_Goal of the exercise_: The records below are to be copied word for word, with every picture left out.

_Data records_:
--- START ---
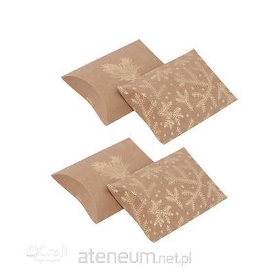 Pudełka składane typu pillow box z motywem złotych gałązek sosny sprawdzą się idealnie jako opakowania na świąteczne prezenty. Można schować do nich m.in. biżuterię, vouchery podarunkowe lub inne, drobne upominki. Te tekturowe pudełka nadają się również do dodatkowego zdobienia np. naklejkami, drewnianymi elementami lub wstążeczkami. Pudełeczka są do samodzielnego złożenia.
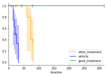 We use lifelines, a package for drawing Kaplan Meier graphs and calculating statistical significance. Helper functions convert the tumour volume measurements to survival tables that can then be plotted
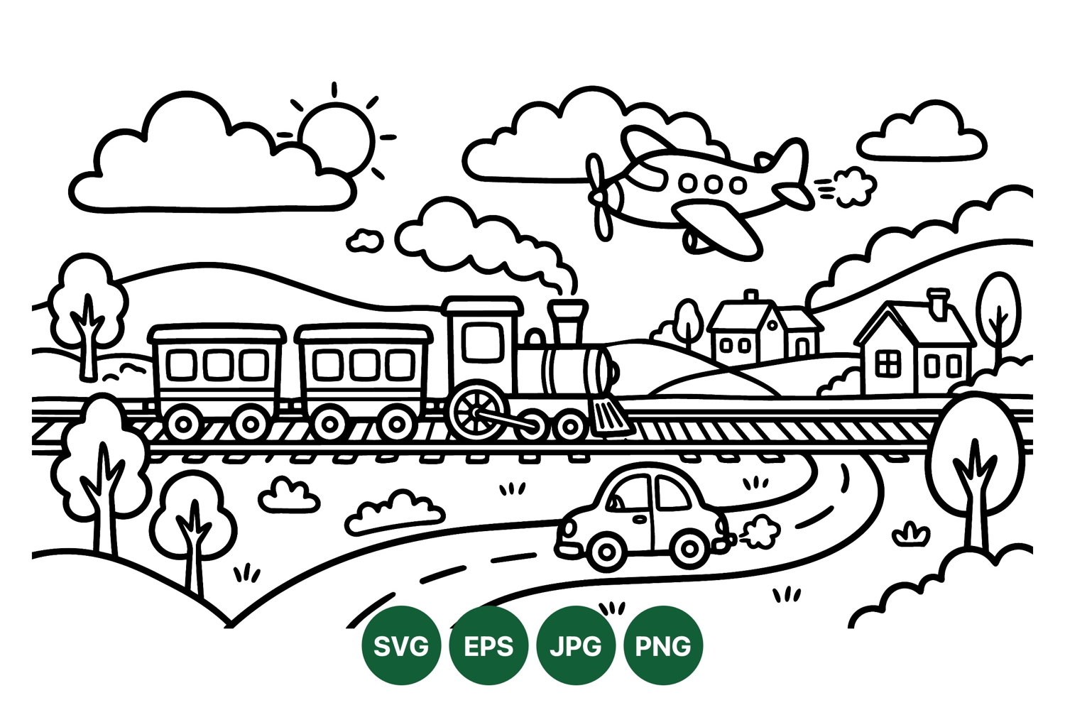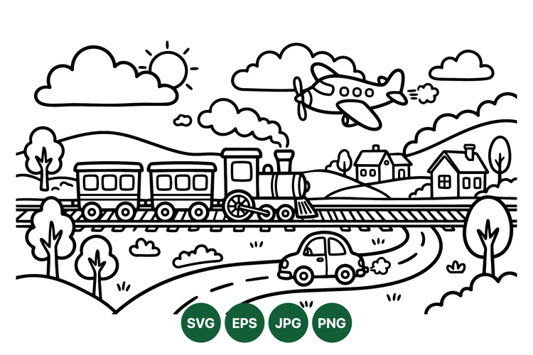 A black and white line drawing depicts a steam locomotive pulling two carriages on railway tracks with a small car on a road and a propeller plane flying above scenic hills and houses peaceful countryside scene
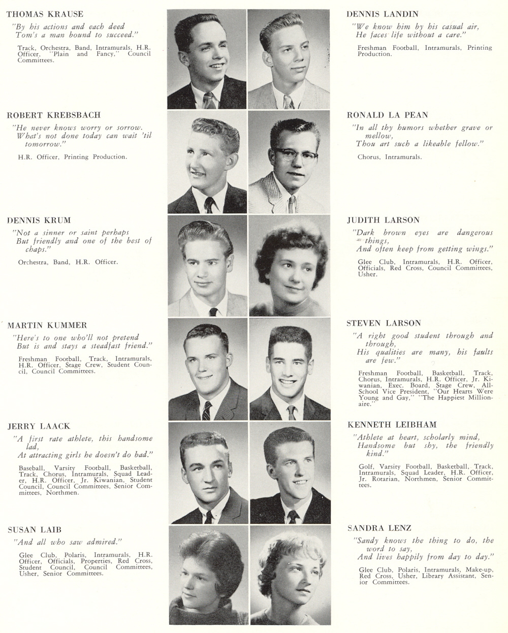 1961 Sheboygan North High School, Page 103: Thomas Krause, Robert Krebsbach, Dennis Krum, Martin Kummer, Jerry Laack, Susan Laib, Dennis Landin, Ronald La Pean, Judith Larson, Steven Larson, Kenneth Leibham, Sandra Lenz.
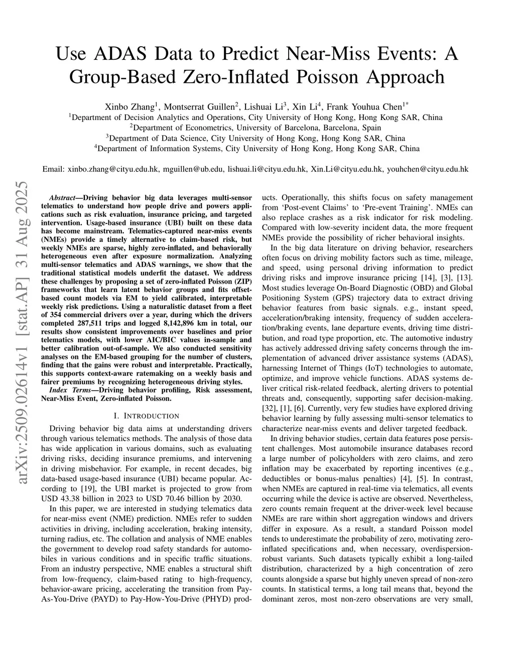 Use ADAS Data to Predict Near-Miss Events: A Group-Based Zero-Inflated Poisson Approach
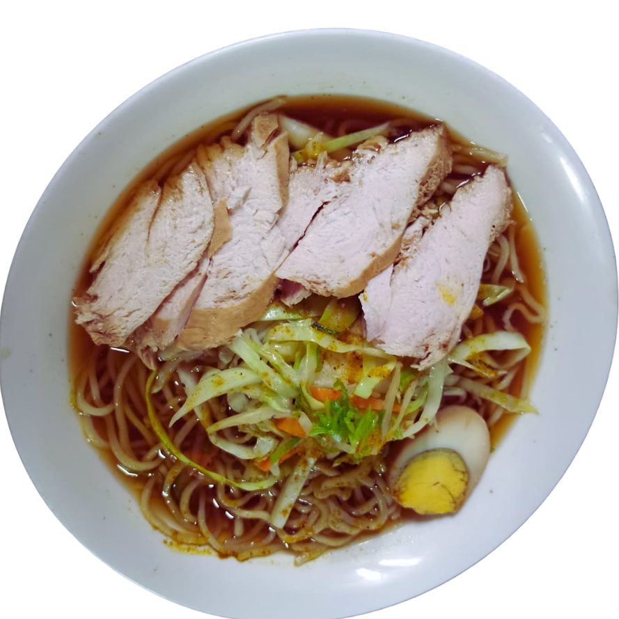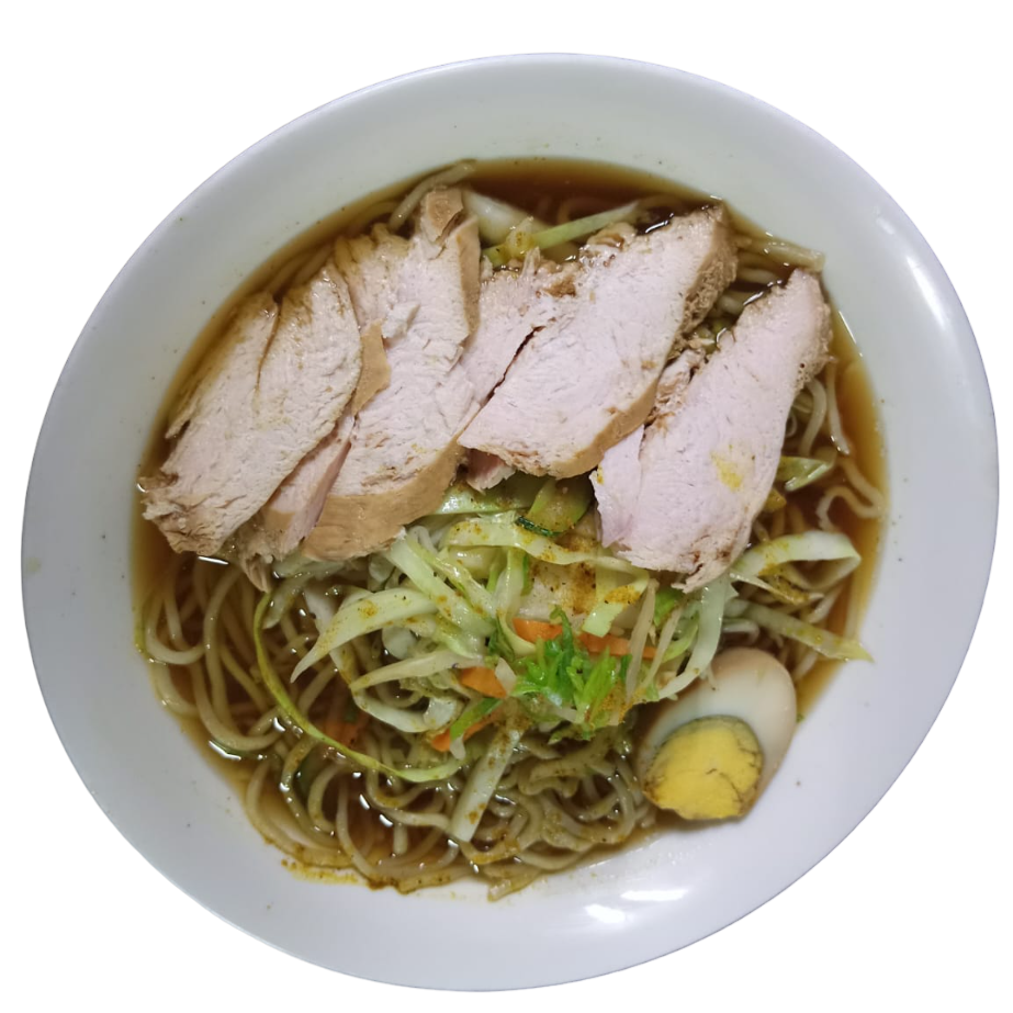 Rico caldo a base de pollo, cerdo y vegetales de temporada, curry picante, con pastas cocidas, cebollín, huevo y pollo.
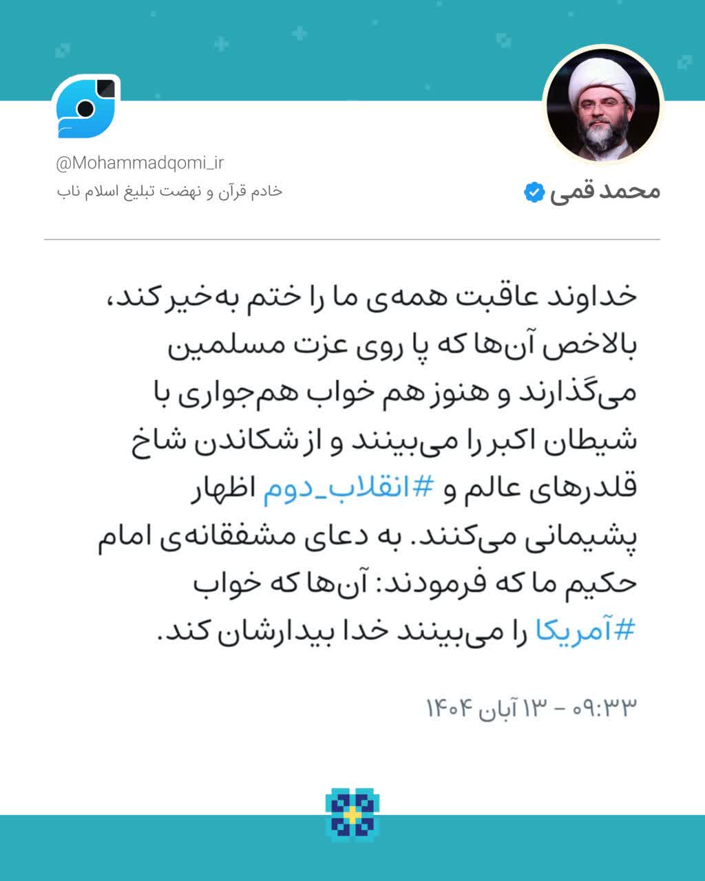 ۱۳ آبان | حجتالاسلام قمی در صفحه شخصی خود نوشت؛
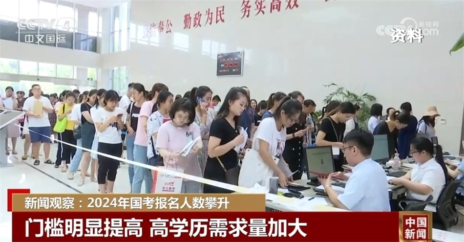 央視網(wǎng)消息:統(tǒng)計(jì)數(shù)據(jù)顯示,2024年國考報名人數(shù)逐漸攀升。截至10月22日16時,1744711人提交報名申請,比去年同期增加22萬余人,其中1390420人通過審核。目前,平均競爭比為35比1,略高于去年同期競爭水平。
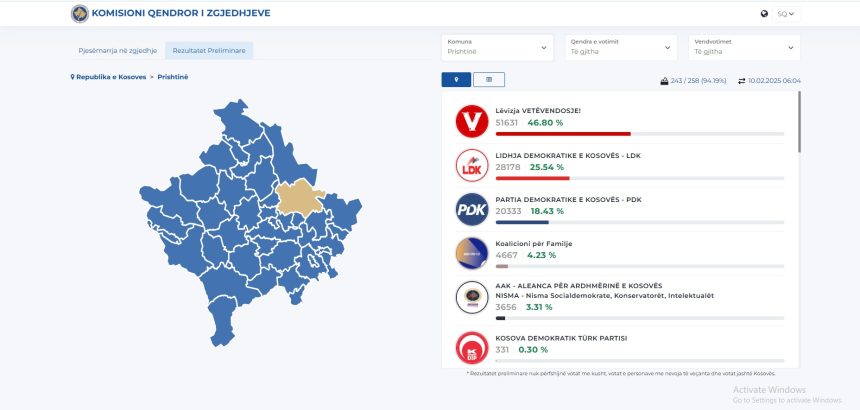 Sipas të dhënave nga KQZ, në shtatë komunat më të mëdha të Kosovës, Lëvizja Vetëvendosje është partia që kryeson dukshëm me numër të votave krahasuar me partitë tjera.
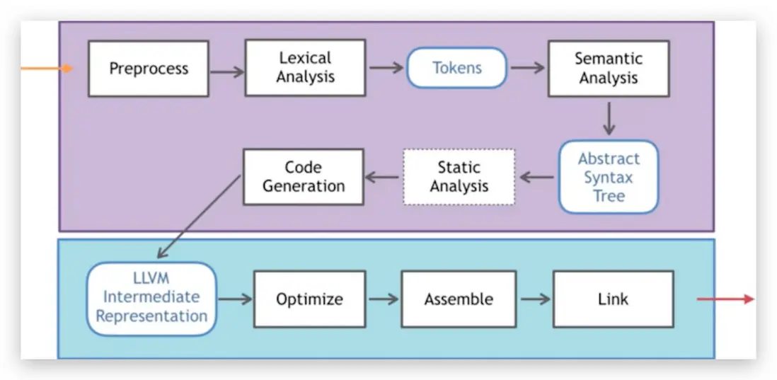 對於傳統的編譯器,主要分為前端、優化器和後端,引用一張通用的簡潔的編譯過程圖,如下:
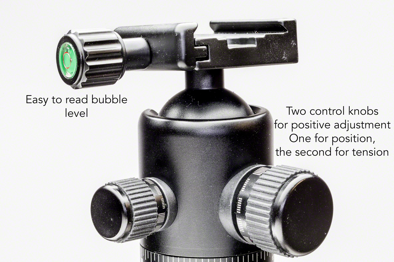 What? You want more? Ok, there are also two bubble levels built in so you can make sure that your horizons are properly straight. You can also remove and reverse the centre column and literally hang your camera inside the leg set to get the camera really close to the ground for those 1x lifesize macro shots. The ball head is already inscribed to make shooting that panorama you want for the living room wall a piece of cake.
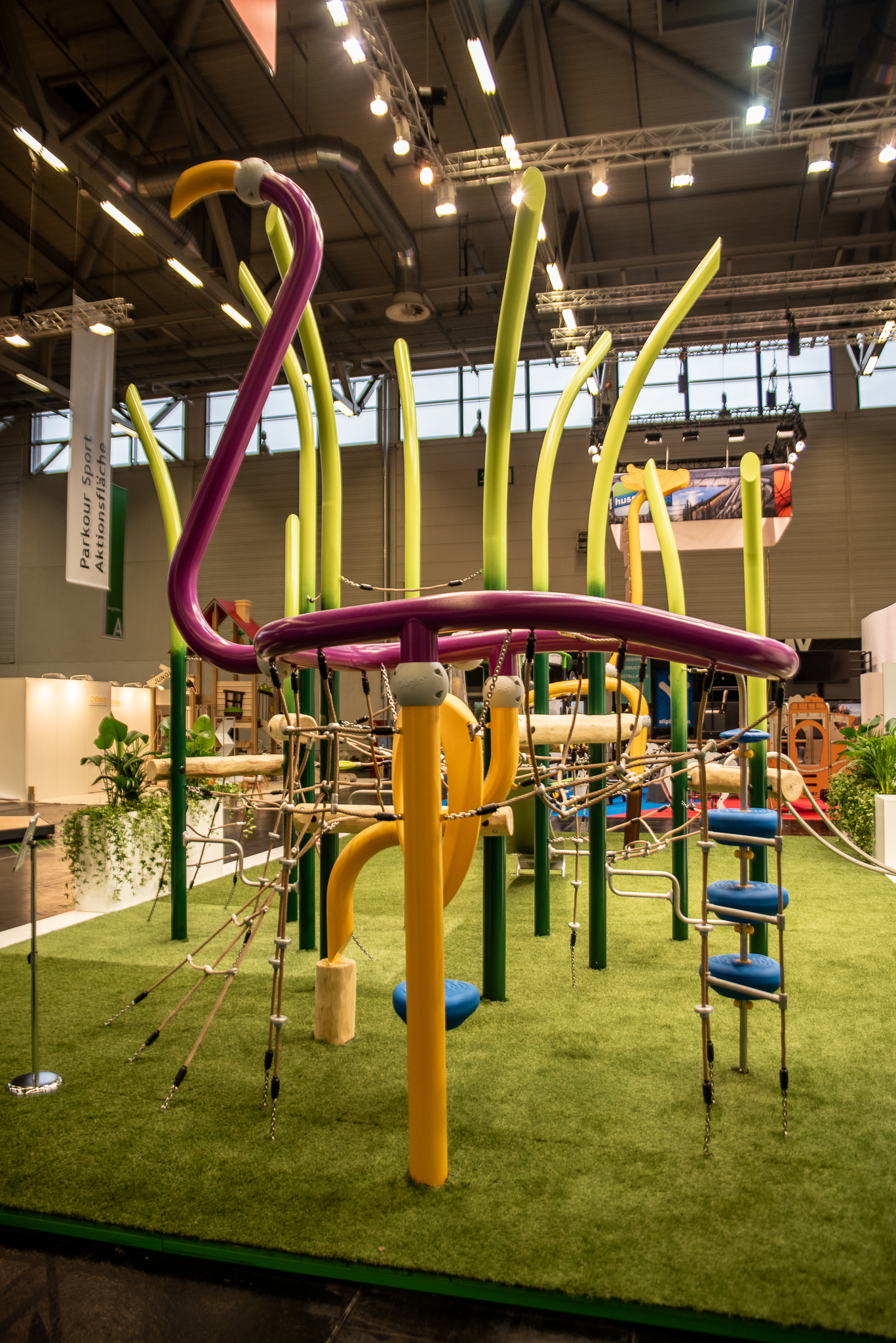 Die innovative Konstruktion besteht aus gebogenen Stahlrohren mit einem Mindestradius von 350 mm und einem Durchmesser von 133 mm, die durch ein einzigartiges Injektionsformverfahren miteinander verbunden sind. Die Rutsche gefertigt aus Edelstahlrohren und Blech, bieten Abwechslung und langlebigen Spielspaß. Pilzförmige Trittflächen aus LDPE mit antirutsch Beschichtung und die beweglichen Ringe, ebenfalls aus LDPE im Rotationsgussverfahren hergestellt, bieten zusätzliche Spieloptionen. Die Netze aus 16 mm dicken Polypropylen-Multisplit-Seilen mit Stahlkern sind extrem strapazierfähig und für jedes Spiel gewappnet. Alle exponierten Schrauben bestehen aus hochwertigem Edelstahl, um auch langfristig die Sicherheit und Wetterbeständigkeit zu gewährleisten.
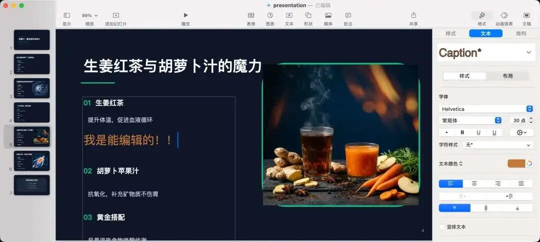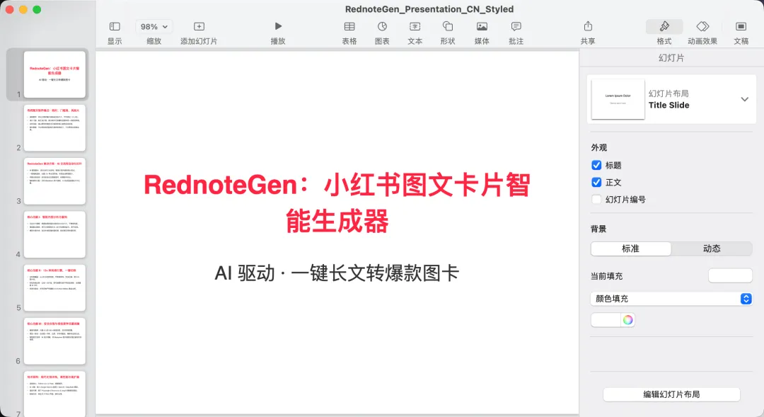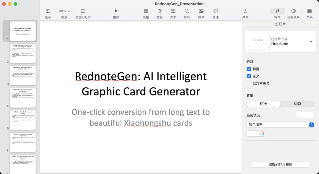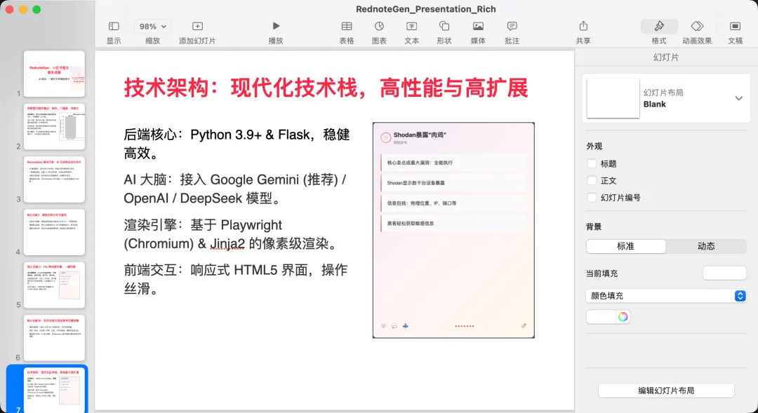 以上 PPT,可不是 NanoBanana 生成的静态图片。这套方案生成的 PPT 文件,在微软PowerPoint/苹果Keynote里,随时编辑修改。
--- END ---
_Solution for this task_:
 Pudełka składane typu pillow box z motywem złotych gałązek sosny sprawdzą się idealnie jako opakowania na świąteczne prezenty. Można schować do nich m.in. biżuterię, vouchery podarunkowe lub inne, drobne upominki. Te tekturowe pudełka nadają się również do dodatkowego zdobienia np. naklejkami, drewnianymi elementami lub wstążeczkami. Pudełeczka są do samodzielnego złożenia.
 We use lifelines, a package for drawing Kaplan Meier graphs and calculating statistical significance. Helper functions convert the tumour volume measurements to survival tables that can then be plotted
 A black and white line drawing depicts a steam locomotive pulling two carriages on railway tracks with a small car on a road and a propeller plane flying above scenic hills and houses peaceful countryside scene
 1961 Sheboygan North High School, Page 103: Thomas Krause, Robert Krebsbach, Dennis Krum, Martin Kummer, Jerry Laack, Susan Laib, Dennis Landin, Ronald La Pean, Judith Larson, Steven Larson, Kenneth Leibham, Sandra Lenz.
 Use ADAS Data to Predict Near-Miss Events: A Group-Based Zero-Inflated Poisson Approach
 Rico caldo a base de pollo, cerdo y vegetales de temporada, curry picante, con pastas cocidas, cebollín, huevo y pollo.
 ۱۳ آبان | حجتالاسلام قمی در صفحه شخصی خود نوشت؛
 央視網(wǎng)消息:統(tǒng)計(jì)數(shù)據(jù)顯示,2024年國考報名人數(shù)逐漸攀升。截至10月22日16時,1744711人提交報名申請,比去年同期增加22萬余人,其中1390420人通過審核。目前,平均競爭比為35比1,略高于去年同期競爭水平。
 Sipas të dhënave nga KQZ, në shtatë komunat më të mëdha të Kosovës, Lëvizja Vetëvendosje është partia që kryeson dukshëm me numër të votave krahasuar me partitë tjera.
 對於傳統的編譯器,主要分為前端、優化器和後端,引用一張通用的簡潔的編譯過程圖,如下:
 What? You want more? Ok, there are also two bubble levels built in so you can make sure that your horizons are properly straight. You can also remove and reverse the centre column and literally hang your camera inside the leg set to get the camera really close to the ground for those 1x lifesize macro shots. The ball head is already inscribed to make shooting that panorama you want for the living room wall a piece of cake.
 Die innovative Konstruktion besteht aus gebogenen Stahlrohren mit einem Mindestradius von 350 mm und einem Durchmesser von 133 mm, die durch ein einzigartiges Injektionsformverfahren miteinander verbunden sind. Die Rutsche gefertigt aus Edelstahlrohren und Blech, bieten Abwechslung und langlebigen Spielspaß. Pilzförmige Trittflächen aus LDPE mit antirutsch Beschichtung und die beweglichen Ringe, ebenfalls aus LDPE im Rotationsgussverfahren hergestellt, bieten zusätzliche Spieloptionen. Die Netze aus 16 mm dicken Polypropylen-Multisplit-Seilen mit Stahlkern sind extrem strapazierfähig und für jedes Spiel gewappnet. Alle exponierten Schrauben bestehen aus hochwertigem Edelstahl, um auch langfristig die Sicherheit und Wetterbeständigkeit zu gewährleisten.
 以上 PPT,可不是 NanoBanana 生成的静态图片。这套方案生成的 PPT 文件,在微软PowerPoint/苹果Keynote里,随时编辑修改。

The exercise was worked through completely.